Wegmans Database Breach Exposed User Information

Wegmans Food Markets were hit with a database breach that exposed customers’ information — name, address, email, birth date — but no social security numbers or financial information. 

The Rochester, New York supermarket said in a press release that “a previously undiscovered configuration issue” led to two of its internal cloud databases being inadvertently left open to potential outside access. The company said it notified its customers that no financial information or social security numbers were involved since the company doesn’t collect or store that data.

Access to Wegmans.com also was compromised as far as usernames and passwords, but the passwords were “hashed” and “salted,” meaning that the actual password characters were not contained in the databases, according to the press release.

The configuration issue began in 2018, although Wegmans said that it didn’t find out about the breach until roughly April 19 of this year. 

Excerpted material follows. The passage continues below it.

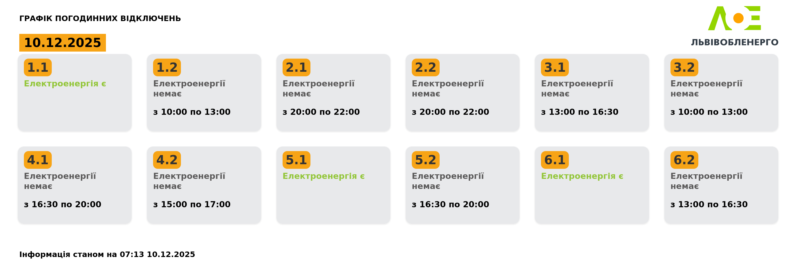 Ранковий графік 10 грудня. Більше світла для споживачів у Львівській області

“Wegmans worked diligently with a leading forensics firm to investigate and determine the incident’s scope, identify the information in the two databases, ensure the integrity and security of the systems, and correct the issue,” Wegmans said per the release. 

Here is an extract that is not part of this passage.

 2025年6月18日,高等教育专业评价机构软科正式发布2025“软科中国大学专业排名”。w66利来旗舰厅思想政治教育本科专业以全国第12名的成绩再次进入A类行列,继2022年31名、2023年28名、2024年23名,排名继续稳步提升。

The Wegmans supermarket chain has 106 stores in New York, Pennsylvania, New Jersey, Virginia, Maryland, Massachusetts and North Carolina.

Wegmans is just one of many retailers facing data breaches across the U.S.

The Carnival Cruise Line said it was subjected to a data breach in March of this year and some customer data and crew member information was possibly exposed, CyberWire reported.

Earlier this month, McDonald’s databases were hacked in the U.S. as well as South Korea and Taiwan. The breach didn’t include access to customers’ financial data — it exposed employee and franchisee information. The fast-food chain indicated that nothing sensitive was exposed.